Vermont implemented a 92% tax against e-cigarettes Monday in an effort to reduce the popularity of vaping and curb youth use.
“We are trying to keep the tax across all nasty things the same,” Till said, reported CBS News. (RELATED: Vaping Crackdowns May Be Driving Up Smoking Rates)
In addition to leveraging a 92% tax, separate legislation in Vermont this session has also raised the age to purchase vape and tobacco products to 21. It also banned the purchase of these products “by mail or through a computer network, telephonic network, or other electronic network” like the internet unless shipped to a licensed dealer.
In 2018, the Food and Drug Administration released a statement declaring youth vaping an “epidemic of addiction.” Since then, many other states have passed laws similar to those seen most recently in Vermont.

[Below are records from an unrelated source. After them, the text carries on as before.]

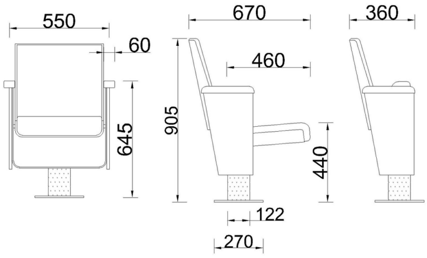 Lumin 01 auditorium chair is built from durable, high quality materials. The backrest is made from plastic upholstered with fabric and molded foam for comfort and stability. The seat cushion uses wood upholstered with fabric molded foam, ensuring long lasting support without deformation. The chair legs and frame are crafted from electrostatic powder coated steel, offering superior strength and corrosion resistance.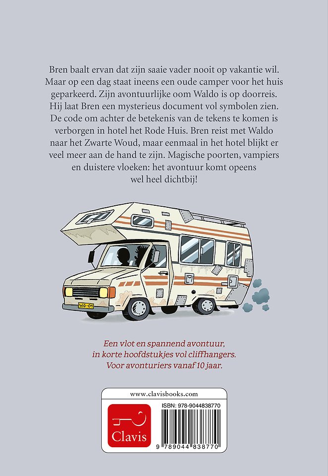 Bren baalt ervan dat zijn saaie vader nooit op vakantie wil. Maar op een dag staat ineens een oude camper voor het huis geparkeerd. Zijn avontuurlijke oom Waldo is op doorreis. Hij laat Bren een mysterieus document vol symbolen zien. De code om achter de betekenis van de tekens te komen is verborgen in hotel het Rode Huis. Bren reist met Waldo naar het Zwarte Woud, maar eenmaal in het hotel blijkt er veel meer aan de hand te zijn. Magische poorten, vampiers en duistere vloeken: het avontuur komt opeens wel heel dichtbij!
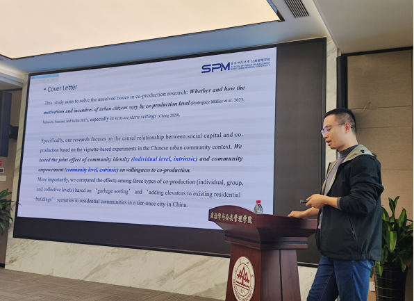 华东政法大学杨帆老师作了题为“饱食思报:争议性应急监管处罚的社会回应研究——一项调查实验”报告,认为在更深层的政民互动问题上,当前有关民众策略性反馈、组织潜力、监管感知、执法合法性的研究方法、框架和要素的分析还需持续探索。华东师范大学范洋洋老师结合长期在社区的观察,进行了“Residents’ community identity, community empowerment, and willingness to co-production: Evidence from a survey experiment in China”为题的汇报,分析个体、小组和集体合供在中国场景下的表现和效果,在分析社区认同、社区赋权和合作意愿相互作用后建议相关部门加强信息公开和保证公众参与。最后,304永利集团官网入口李爽老师题为“不同说服方式对公民健康饮食意愿的影响——一项跨文化研究”的报告,阐述了该助推在本土荷兰人和移民群体中的文化调节效应。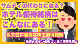 【株主優待生活】ホテル優待銘柄たくさん教えてもらいました/女性におすすめの優待銘柄は凄いですよね、、、株式優待の情報について語っているオススメのユーチューバー。 前はブランドのレンタルの情報を整理していましたが、儲かって無さそうなので...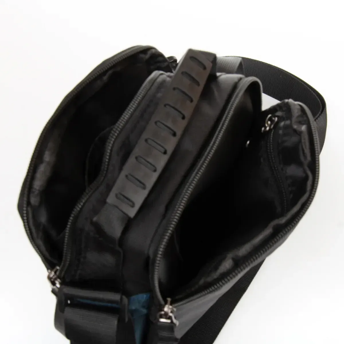 Чоловіча сумка Lanpad. Два відділення, що закриваються на блискавку. Усередині відділень є кишеня на блискавці та відкрита кишеня. На фасаді знаходиться кишеня на блискавці та кишеня під клапаном, а на звороті розташована одна кишеня на блискавці. Регульований плечовий ремінь шириною 3см. Розмір (см) 18*20*10
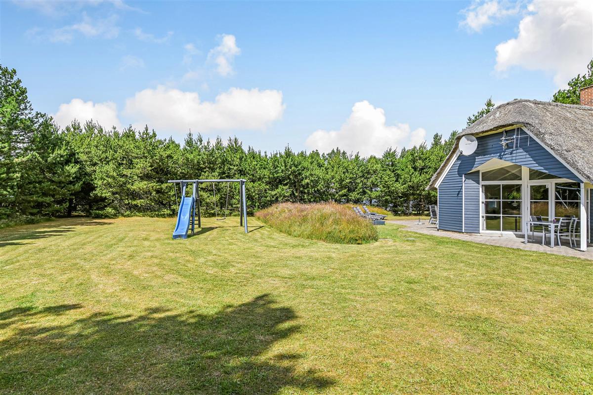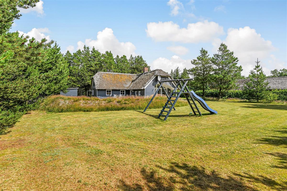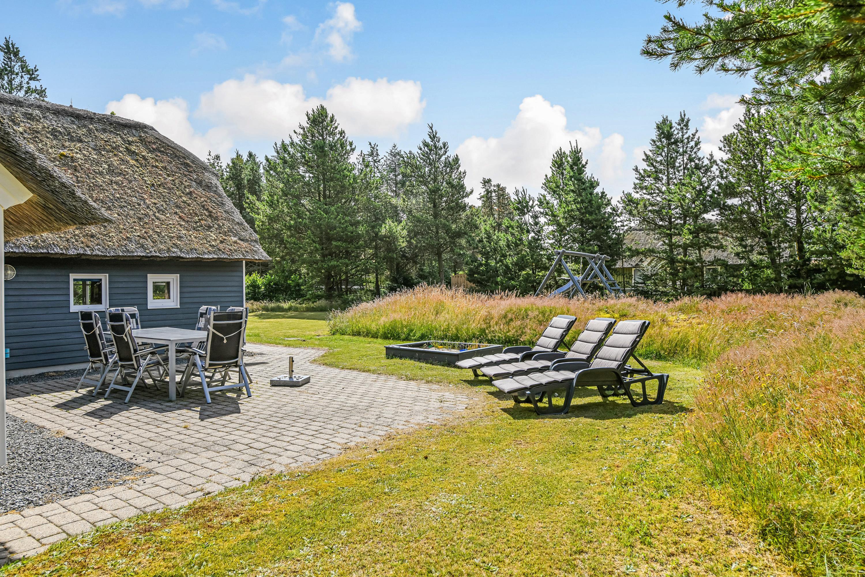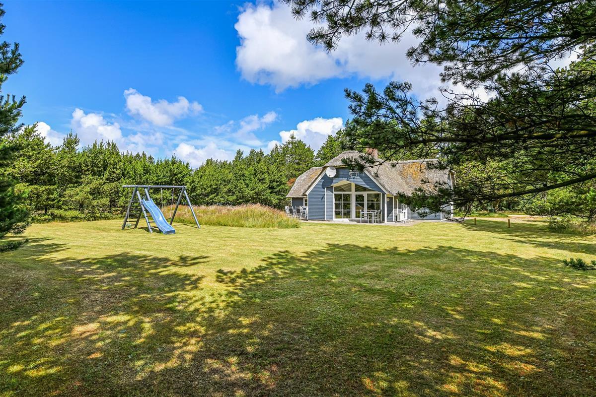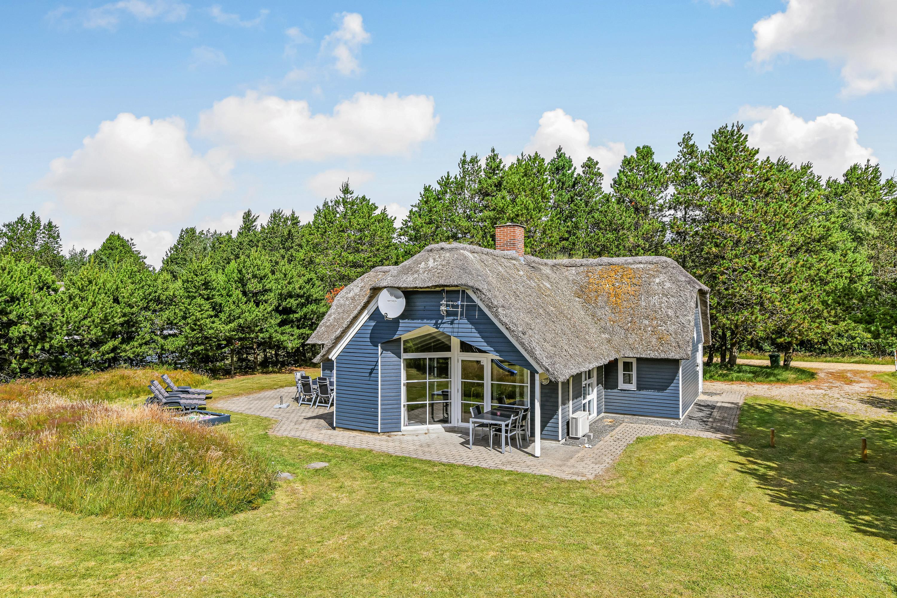 This blue-painted thatched house sits within natural grounds in Houstrup, just metres from the nature reserve and surrounded by pine forests. Around the house, you'll find two furnished terraces where you can soak up the sun and enjoy outdoor dining and barbecues with the whole family. The garden offers plenty of space for children to play, complete with a swing and sandbox.

Minnesota leverages the highest tax against e-cigarettes according to the Tax Foundation. Twelve states have also raised the age beyond 18 to purchase vaping products, counting the new rule in Vermont, according to the Public Health Law Center.
“We strongly support responsible legislation, such as raising the minimum-purchasing age for tobacco products, including vapor products like JUUL, to 21 years of age,” major vape manufacturer JUUL said in a press release. “We will actively pursue Tobacco 21 laws by drafting legislation, funding advocacy campaigns, and engaging with lawmakers.”
States aren’t alone in their anti-vaping efforts. Some cities have taken action as well, such as San Fransisco which recently became the first city to outright ban the sale of e-cigarettes, according to CNN.